Perhaps the elemental nature of motherhood can’t quite be understood until we are 'in' our experience, or maybe we wouldn’t head on this collision course with life if we knew what was ahead? If this were the case, why do so many of us go on to do it time and again?
Creating life can be addictive because although 'the love hormone' is understood by endocrinologists as an antidote to craving. The positive feedback mechanism that controls its release actually helps anaesthetise us a little or diminish the sensations of discomfort, and feelings of turmoil that are intrinsically linked with pregnancy, childbirth and motherhood.
When we are deep in the throes of becoming a mother, we often forget ourselves, and without intending to, so do others around us. Whilst pregnancy isn’t necessarily a glowing period for all, many women experience being regarded, honoured even (unless you’re on the 17:59 from London), and taken care of whilst carrying our precious load.

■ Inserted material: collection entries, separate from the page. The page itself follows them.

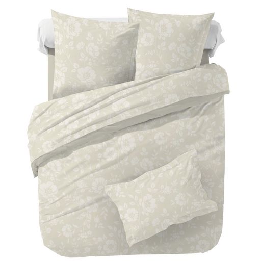 Parure housse de couette + taies d'oreiller en percale pur coton 70 fils. Infiniment souple, doux et soyeux au toucher, la percale coton est une étoffe de grande qualité réalisée avec des fils très fins tissés très serré... un bonheur pour la peau. Associé à un ravissant motif jacquard fleuri aux to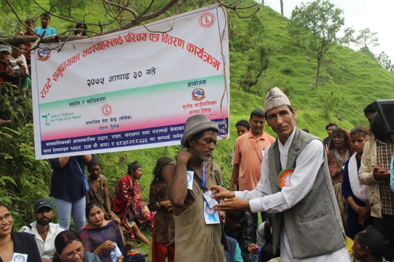 कर्णाली प्रदेशको सामाजिक विकास मन्त्रालयका सचिव गिरिजा शर्मा, गाउँ पालिकाका अध्यक्ष ओली र दैलेखका प्रमुख जिल्ला अधिकारी विश्वराज न्यौपानेले राउटे समुदायलाई बस्तीमै पुगेर परिचयपत्र वितरण गर्नु भएको हो ।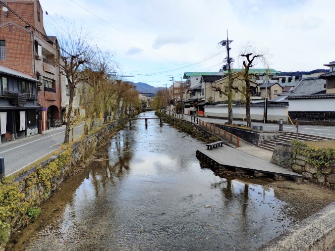 途中、ふらっと白川沿いを歩きます。名所の一本橋(行者橋)は三連休ですが誰もいません。寒いですし当然かも。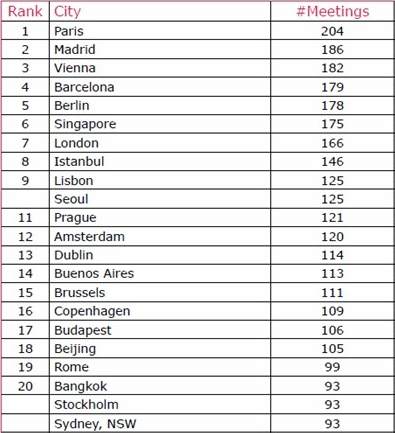 Op de stedenranglijst heeft Wenen de eerste plaats, die de stad sinds 2005 bezette, moeten afstaan aan Parijs (204 meetings, tegen 195 in 2012). Ook Madrid liet in 2013 Wenen achter zich op basis van het aantal internationale associatie meetings. Kopenhagen maakte een forse duikeling van plaats 8 naar plaats 16, met 109 geregistreerde meetings in 2013, ten opzichte van 137 meetings in het voorgaande jaar. Amsterdam, vorige keer tiende, staat nu op plaats 12, maar met slechts 2 congressen minder dan in 2012.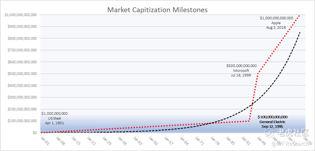 随着时间的推移,公司的最大价值是如何变化的呢?1901 年,US Steel(美国钢铁公司)是第一家在上市时估值达到 10 亿美元的美国公司。General Electric(通用电气)花了 95 年的时间才达到另一个里程碑 —— 1000 亿美元大关;四年后,Microsoft 达到 5000 亿美元大关;在美国第一家十亿美元公司的 117 年后,Apple 的市值在 2018 年达到 1 万多亿美元。很明显,公司的增长不是一个线性函数,而是以指数形式增长着。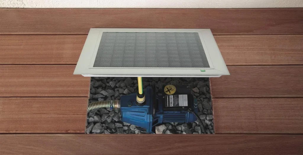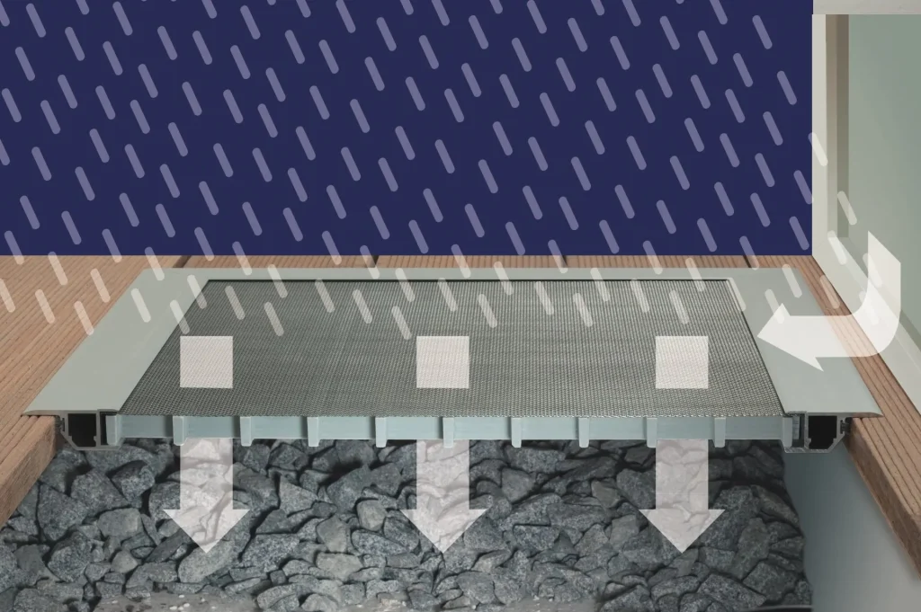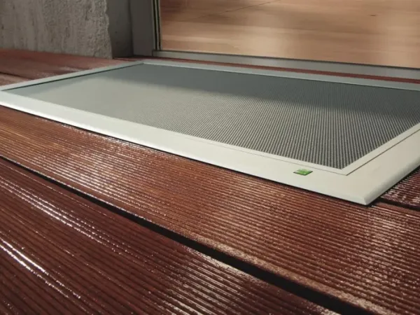 Einsatz auf Holzterrassen als Wasserablauf, Rutschhemmung oder Revisionsöffnung.
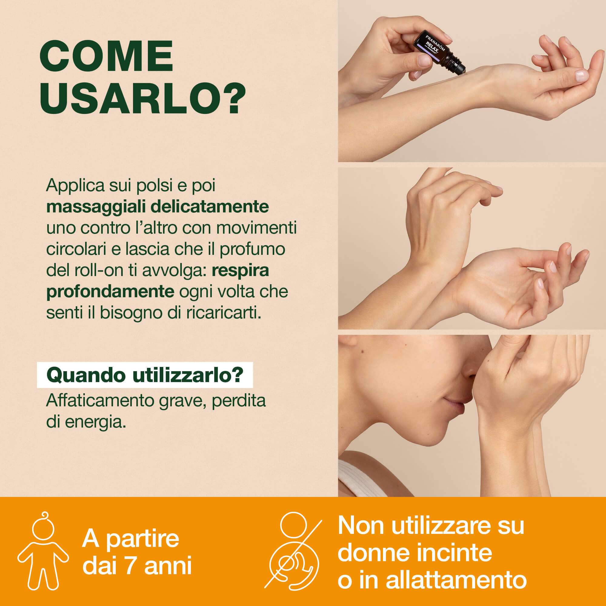 Applicare con 2 movimenti circolari all’interno dei polsi, strofinarli uno contro l’altro e respirare profondamente ogni volta che se ne avverte la necessità.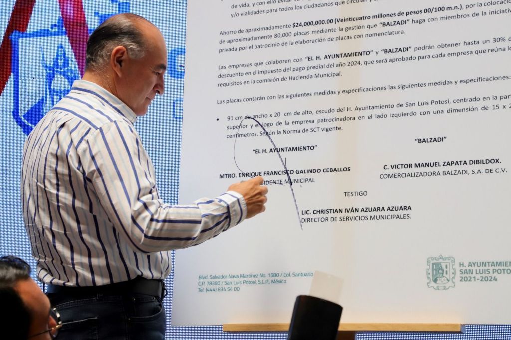 En el marco del programa “Mi Avenida, Mi Ciudad”, el Alcalde Enrique Galindo Ceballos firmó un convenio con la empresa Balzadi, con el fin de renovar las placas de nomenclatura oficial de calles y avenidas de la Capital, por lo que se fabricarán 80 mil placas como parte del rescate de nuestra ciudad para hacerla más funcional. El Presidente Municipal explicó que mediante el patrocinio de la señalética, personas, empresas y asociaciones contribuirán para colocar los nombres “a nuestras Vialidades Potosinas. Quienes nos patrocinen tendrán el beneficio de colocar sus nombres o logotipos en las placas, además de que, al sumarse a este proyecto, podrán ser acreedores a estímulos fiscales”.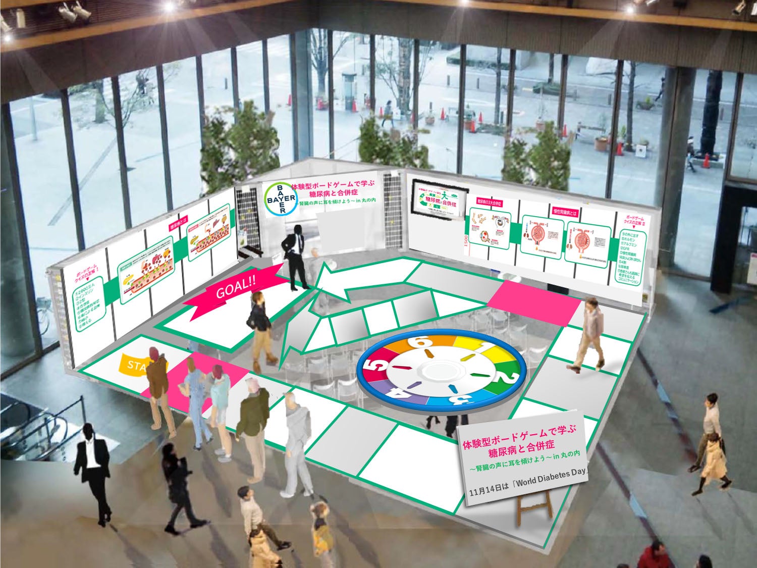 大阪、2024年10月24日 ― バイエル薬品株式会社(本社:大阪市、代表取締役社長:イン・チェン、以下「バイエル薬品」)は、糖尿病(ダイアベティス)と合併症に関する啓発活動の一環として、「体験型ボードゲームで学ぶ糖尿病と合併症 ~腎臓の声に耳を傾けよう~ in 丸の内」を11月14日の「World Diabetes Day(旧 世界糖尿病デー)」にちなみ2024年11月7日(木)、8日(金)の両日、丸ビル1階 マルキューブ(東京都千代田区)にて開催します。本イベントでは、サイコロを振ったりルーレットを回したりして来場者自身がマス目を歩くことができる特大サイズの体験型ボードゲームが、会場の床一面に出現。ゲームを進めながら糖尿病と合併症について楽しみながら学ぶことができます。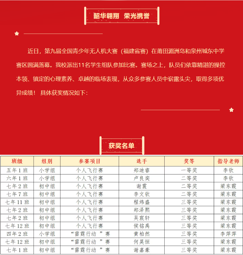 【喜报】“韶华翱翔,荣光携誉”——恭喜莆田砺志学校在第九届全国青少年无人机大赛(福建省赛)获得佳绩!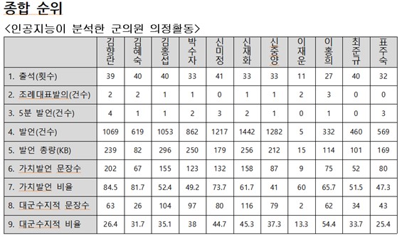 이번 평가는 함께하는 거창이 거창군의회 최근 회의록 제280회부터 제283회까지의 데이터를 기반으로 인공지능을 활용하여 군의원 개인 평가와 군의원 비교 평가로 나누어 진행됐다.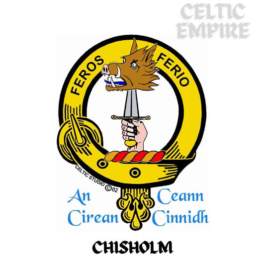 - The crest coronet adorned with distinctive elements, proudly showcasing the Chisholm clan's unique heritage.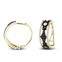 Unique Diamond Hoop Earrings Large Black Diamond Huggies 14K Yellow Gold 3ct
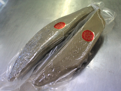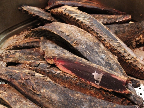 これは、くじらのお肉をタレに漬込んで、天日で干したもの。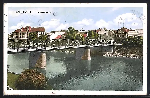 AK Uzhorod, Ortsansicht hinter Flussbrücke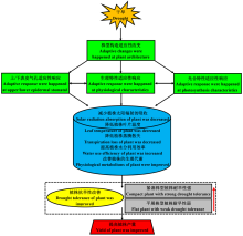 Improvement of plant architecture is an important way to fully exploit the potential of environmental resources of light, heat, and water in maize ( Zea mays) production, and it is the basis of breeding targeting ideal plant type. This research studied the response mechanisms of drought tolerance related to plant architecture in maize. The plant architecture traits, stomatal morphologies, physiological metabolisms and photosynthesis characteristics of ear leaf, and yield were recorded for three different maize genotypes (Langhuang, Chang7-2, and TS141) with differing plant architecture under drought stress during the flowering stage. It was found that: 1) Leaf length, leaf width, leaf size, and leaf angle were decreased significantly, and leaf shape value and leaf orientation value of the three maize genotypes were increased significantly under drought stress. Moreover, genotype TS141, characterized as ‘flat’, had larger changes of these six plant architecture traits than genotypes characterized as ‘compact’ (Langhuang and Chang 7-2); 2) Drought stress increased the numbers of upper and lower epidermal stomata of all three maize genotypes, but decreased stomatal length and width. The change in stomatal number of TS141 was greater than for the other cultivars, and the size reduction was smaller; 3) Chlorophyll a, b, and (a+b) contents, and chlorophyll a:b ratio of TS141 were significantly decreased by drought. For the tested genotypes, chlorophyll a:b ratio had a smaller increase, and the other three traits had a smaller decrease in Langhuang and Chang 7-2 after drought stress than in TS141; 4) Stomatal conductance, net photosynthetic rate, the temperature of leaf thermocouples, transpiration rate, and RuBPCase activity decreased to different degrees in different genotypes, and intercellular CO2 concentration increased to different degrees in the three tested maize genotypes under drought stress. However, compared with TS141, Langhuang and Chang 7-2 had smaller changes; 5) Yield per plant, ear weight, grain weight, 1000-seed weight, ear length, and kernel ratio of all three maize genotypes were decreased significantly under drought stress, and TS141 was affected more severely than Langhuang and Chang 7-2; 6) Principal component analysis and a heat map with hierarchical cluster analysis indicated that the relationships among these traits in maize under drought stress were complex and interrelated with each other, and could completely account for the differences in drought tolerance between the different plant architecture genotypes. Therefore, it is deduced from these results that plant architecture may be an important drought regulator that can be co-regulated with stomatal morphologies, physiological metabolisms, and photosynthetic characteristics to form the response mechanisms of drought tolerance. Moreover, because 'compact' maize genotypes displayed stronger drought tolerance, these types have better drought tolerance potential for use in future breeding work.
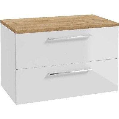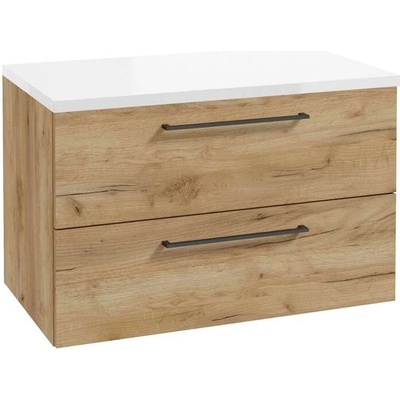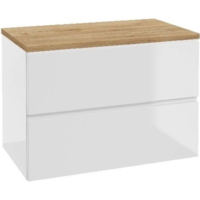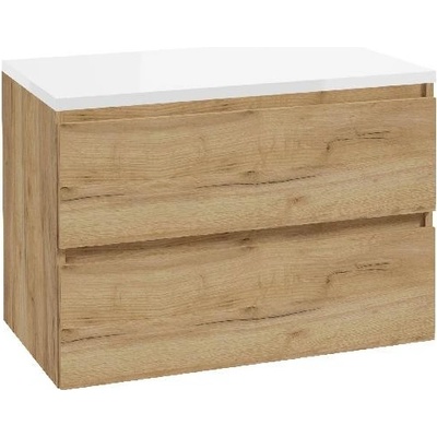 kielle Skříňka včetně desky pod umyvadlo 80x55x46 cm, lesklá bílá/zlatý dub - 50027S840

What to expect when you’re expecting
The industry around these very specific periods of time are festooned with ideas, methods and opinions, and many are eager to inform. As the excitement mounts, children’s clothes are cooed over, yoga sessions are chanted in and birth plans are written.
Whatever happens at birth, statistically, becoming pregnant is the most dangerous thing a woman does in her lifetime, but now there’s a baby and attention shifts from you to your newborn.
We all respond differently to the awakening of motherhood. It’s a realisation that comes quickly for some, and as a quest through a submerged haze for others. The magnitude of decisions that arise as we begin to meet our new responsibility can be weighty and unwieldy. Breastfeeding (or not), back to work (or not), childcare (or not), intimacy with a partner (or not), have another child (or not); this list has barely begun.
So, what happens if we meet the responsibility of our new state, or experience having or raising a child and everything that comes with it, not just with gratitude, which helps lessen the sense of heaviness, but also with conviction, so as to empower us?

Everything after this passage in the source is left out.